(Beginning of STORED DATA)
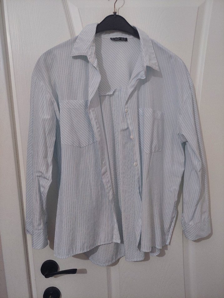 Beyaz keten kumaştan, uzun kollu ve düğmeli, bol kesim günlük kadın gömlek. Midi boyda, yakalı ve desen içermeyen rahat bir tasarım. bel kısmında hafif leke var ama pantolon içine falan koyunca ya da normal de çok belli olmuyor Bol bi model
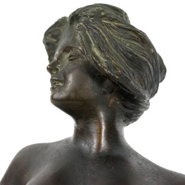 Estasi, busto in bronzo brunito da un modello di Giuseppe Renda, firmato al retro, base in marmo bianco, cm h 16.
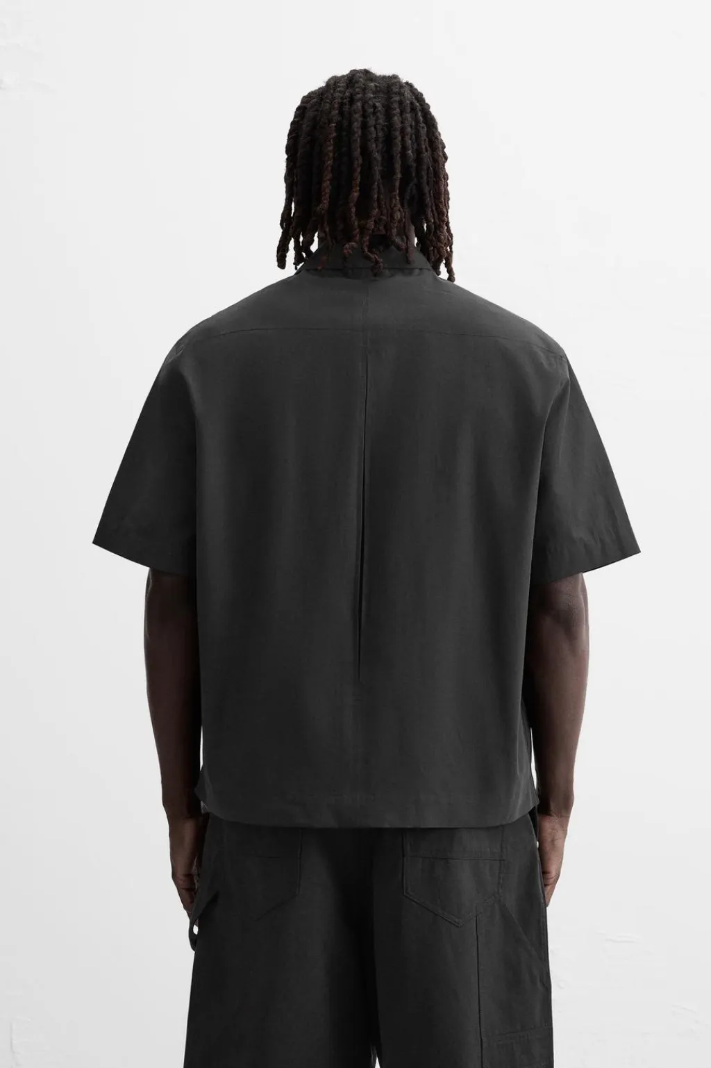 Sobrecamisa relaxed fit confeccionada en tejido con mezcla de algodón. Cuello solapa y manga corta. Bolsillos plastrón en delantero. Cierre frontal de botonadura.
(End of STORED DATA)
*ABOUT THIS EXERCISE*:
The material above should be printed again exactly, with each picture left out.

*RESULT OF THIS EXERCISE*:
 Beyaz keten kumaştan, uzun kollu ve düğmeli, bol kesim günlük kadın gömlek. Midi boyda, yakalı ve desen içermeyen rahat bir tasarım. bel kısmında hafif leke var ama pantolon içine falan koyunca ya da normal de çok belli olmuyor Bol bi model
 Estasi, busto in bronzo brunito da un modello di Giuseppe Renda, firmato al retro, base in marmo bianco, cm h 16.
 Sobrecamisa relaxed fit confeccionada en tejido con mezcla de algodón. Cuello solapa y manga corta. Bolsillos plastrón en delantero. Cierre frontal de botonadura.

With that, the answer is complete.